● **About this task**: Repeat each entry word for word. Leave any images out of the copy.

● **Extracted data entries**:
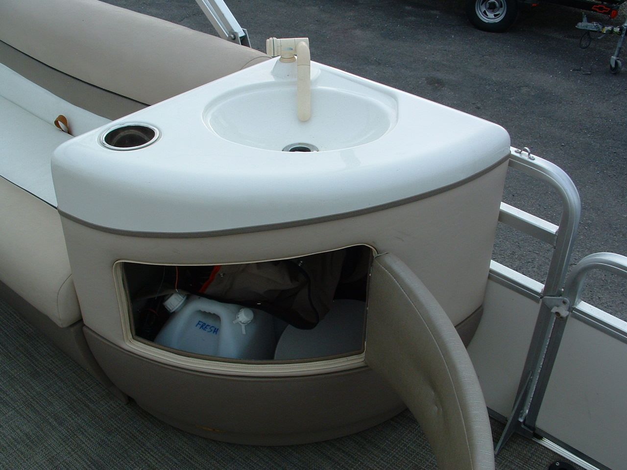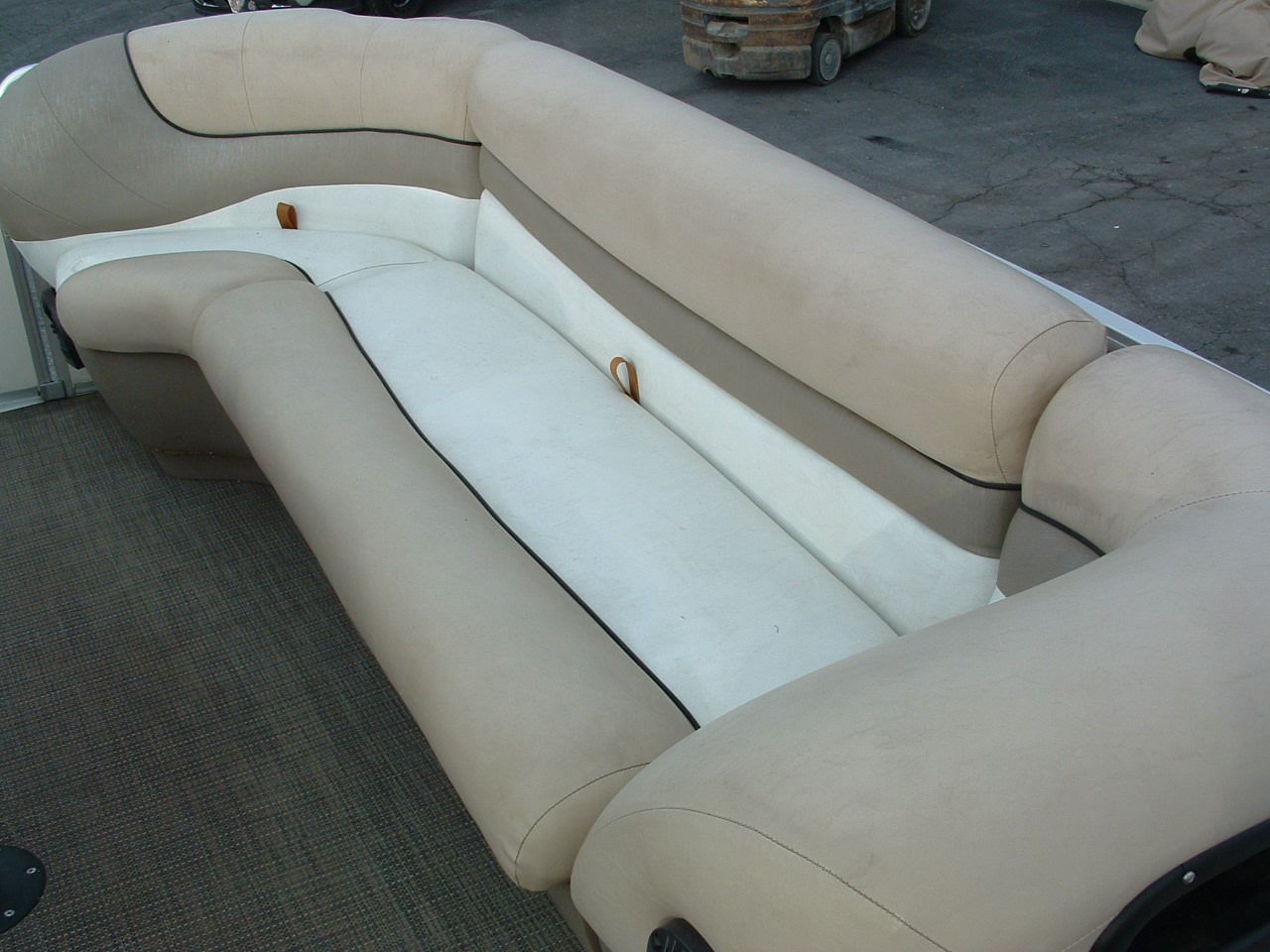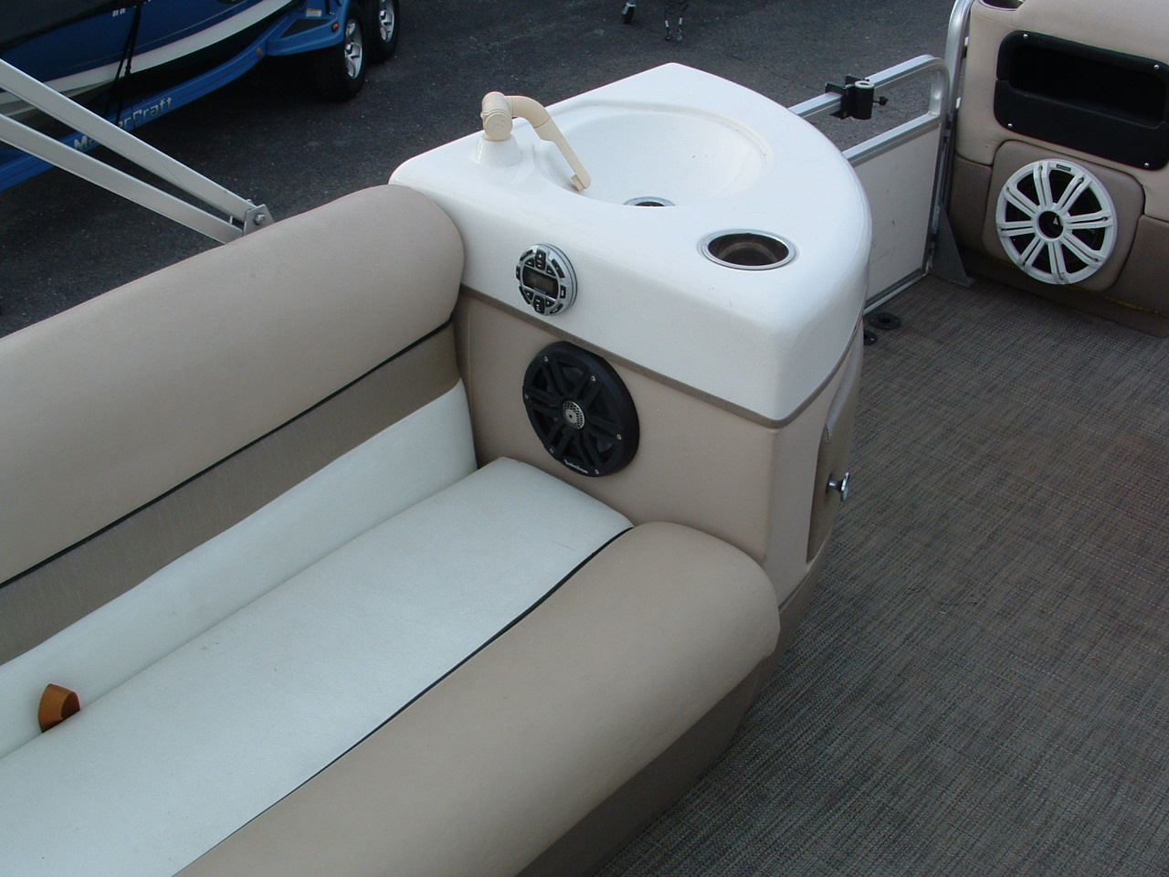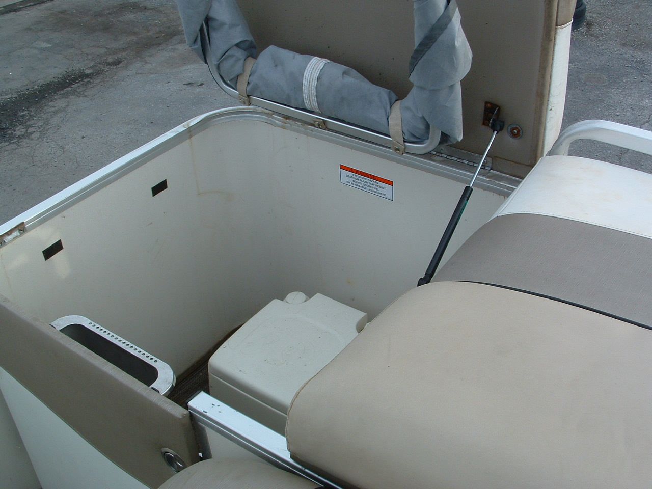 - Tearing out the carpet AND the wood floor and replacing with a metal floor for stability in rough water and then putting vinyl flooring in
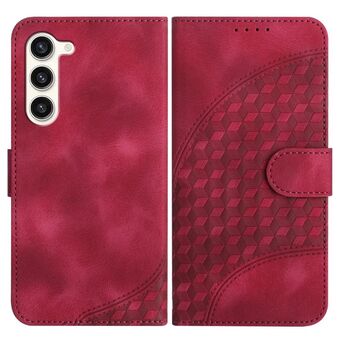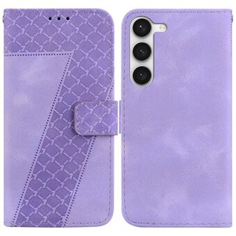 Θήκη τηλεφώνου Samsung Galaxy S23 5G από δέρμα με ανάγλυφο σχέδιο σε σχήμα επτά (Μωβ)
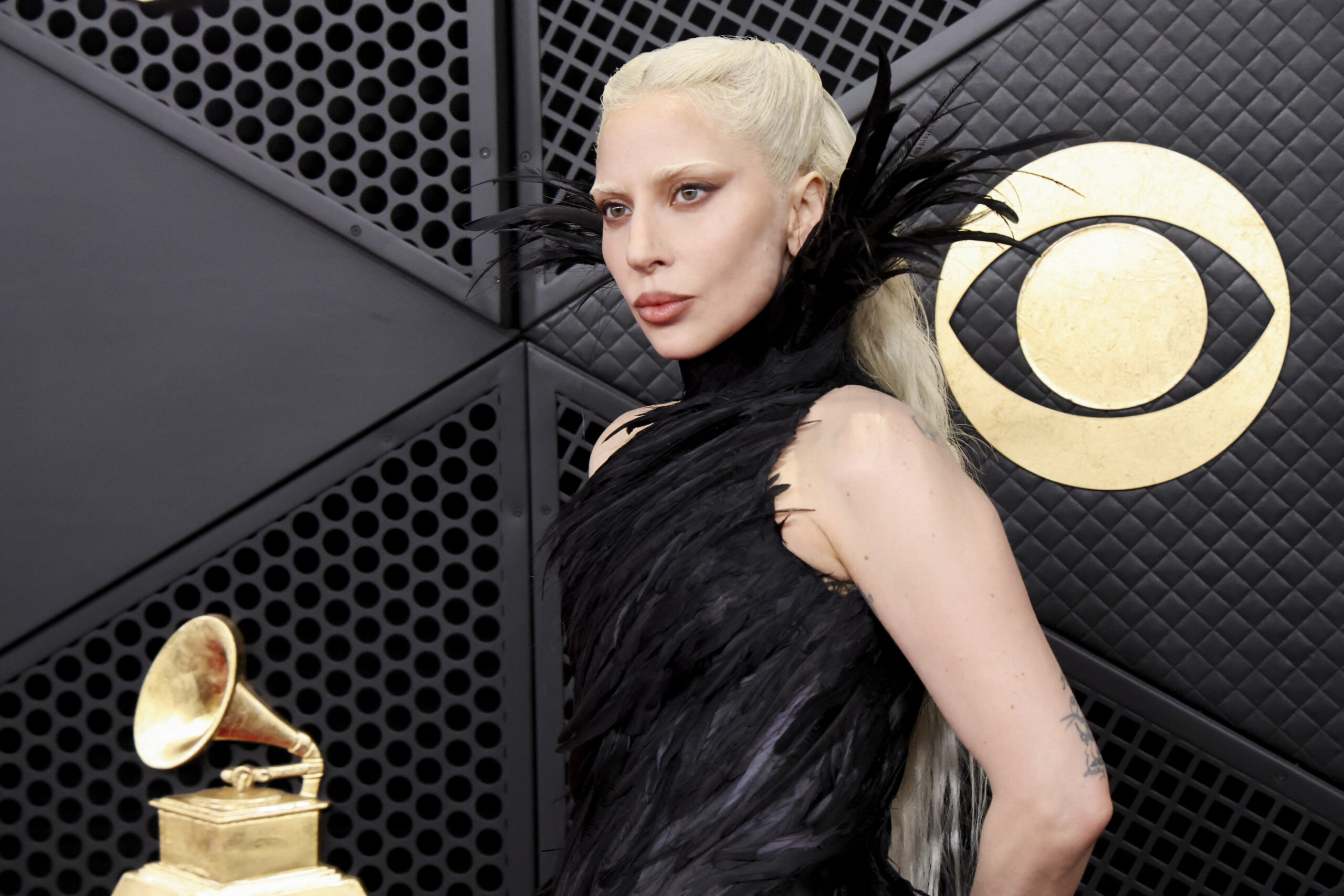 H Lady Gaga ξεχωρίζει πάντα με τις dramatic εμφανίσεις της. Στη χθεσινή λαμπερή βραδιά, η βραβευμένη superstar εμφανίστηκε με τα πλατινέ μαλλιά της χωρισμένα στη μέση και πιασμένα σε ένα half-up, και ήταν απόλυτα εναρμονισμένα με τα αποχρωματισμένα φρύδια της, ενισχύοντας τη γλυπτική αντίθεση του contouring της. Στα μάτια και τα χείλη κινήθηκε σε ζεστούς nude τόνους, με μια διακριτική καφέ γραμμή στις πάνω βλεφαρίδες για ορισμό. Και τι άλλο θα ταίριαζε με ένα μαύρο φόρεμα με φτερά αν όχι ένα κλασικό μαύρο μανικιούρ;
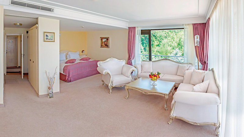 - 61-70 m², Dvojlôžková izba, Deluxe, Výhľad na park, Kombinovaná obývacia/spacia časť, pohovka, manželská posteľ, 1 kúpeľňa, vaňa, WC, sušič vlasov, koberec, klimatizácia, chodba, minibar (za poplatok), trezor (za poplatok), 1 TV (satelitná TV, nemecké kanály), Wi-Fi, rýchlovarná kanvica, káva/čaj, zariadený balkón, výmena posteľnej bielizne, výmena uterákov
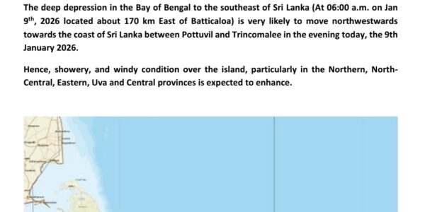 WEATHER FORECAST FOR 09 JANUARY 2026 Issued at 05.30 a.m. on 09 January 2026 The deep depression in the Bay of Bengal to the southeast of Sri Lanka (At 04:00 a.m. on Jan 9th 2026 located about 200 km South…
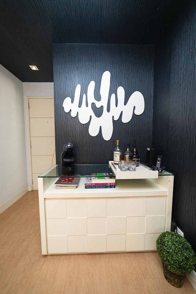 Um dos destaques é o espaço do bar, que foi cuidadosamente projetado para se destacar. Utilizamos um papel de parede texturizado preto, que cria uma base perfeita para o ambiente. Sua textura adiciona profundidade e sofisticação, enquanto o tom escuro traz um toque de drama e elegância.
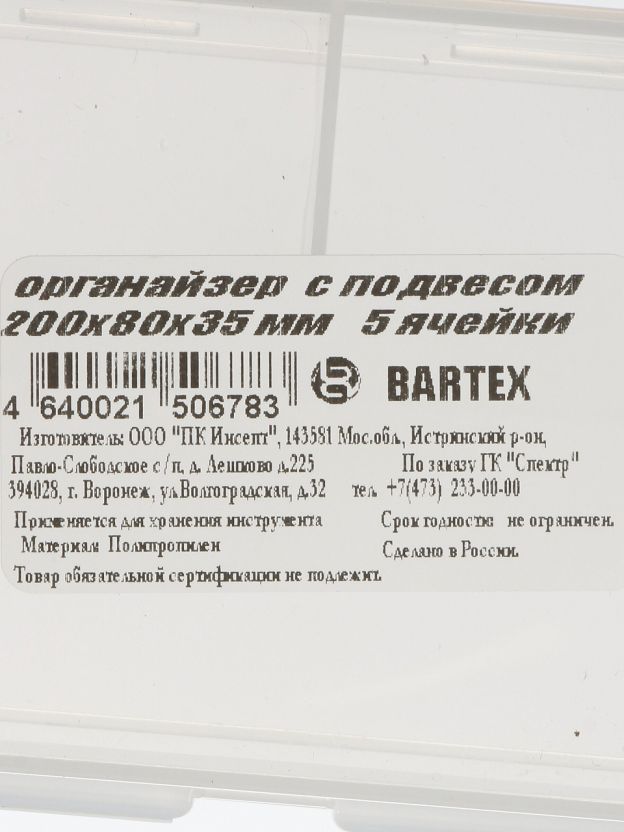 Ящик-органайзер Bartex — оптимальный выбор для тех, кто ищет, как удобно хранить инструмент или мелкие детали. Благодаря пяти отдельным отсекам и прозрачному корпусу, вы всегда видите, что находится внутри, и быстро находите нужный элемент. Если вы ищете, какой органайзер лучше для хранения крепежа, обратите внимание на эту модель: она легкая, не занимает много места и легко крепится на стену с помощью подвеса.

● **Task result**:
 - Tearing out the carpet AND the wood floor and replacing with a metal floor for stability in rough water and then putting vinyl flooring in
 Θήκη τηλεφώνου Samsung Galaxy S23 5G από δέρμα με ανάγλυφο σχέδιο σε σχήμα επτά (Μωβ)
 H Lady Gaga ξεχωρίζει πάντα με τις dramatic εμφανίσεις της. Στη χθεσινή λαμπερή βραδιά, η βραβευμένη superstar εμφανίστηκε με τα πλατινέ μαλλιά της χωρισμένα στη μέση και πιασμένα σε ένα half-up, και ήταν απόλυτα εναρμονισμένα με τα αποχρωματισμένα φρύδια της, ενισχύοντας τη γλυπτική αντίθεση του contouring της. Στα μάτια και τα χείλη κινήθηκε σε ζεστούς nude τόνους, με μια διακριτική καφέ γραμμή στις πάνω βλεφαρίδες για ορισμό. Και τι άλλο θα ταίριαζε με ένα μαύρο φόρεμα με φτερά αν όχι ένα κλασικό μαύρο μανικιούρ;
 - 61-70 m², Dvojlôžková izba, Deluxe, Výhľad na park, Kombinovaná obývacia/spacia časť, pohovka, manželská posteľ, 1 kúpeľňa, vaňa, WC, sušič vlasov, koberec, klimatizácia, chodba, minibar (za poplatok), trezor (za poplatok), 1 TV (satelitná TV, nemecké kanály), Wi-Fi, rýchlovarná kanvica, káva/čaj, zariadený balkón, výmena posteľnej bielizne, výmena uterákov
 WEATHER FORECAST FOR 09 JANUARY 2026 Issued at 05.30 a.m. on 09 January 2026 The deep depression in the Bay of Bengal to the southeast of Sri Lanka (At 04:00 a.m. on Jan 9th 2026 located about 200 km South…
 Um dos destaques é o espaço do bar, que foi cuidadosamente projetado para se destacar. Utilizamos um papel de parede texturizado preto, que cria uma base perfeita para o ambiente. Sua textura adiciona profundidade e sofisticação, enquanto o tom escuro traz um toque de drama e elegância.
 Ящик-органайзер Bartex — оптимальный выбор для тех, кто ищет, как удобно хранить инструмент или мелкие детали. Благодаря пяти отдельным отсекам и прозрачному корпусу, вы всегда видите, что находится внутри, и быстро находите нужный элемент. Если вы ищете, какой органайзер лучше для хранения крепежа, обратите внимание на эту модель: она легкая, не занимает много места и легко крепится на стену с помощью подвеса.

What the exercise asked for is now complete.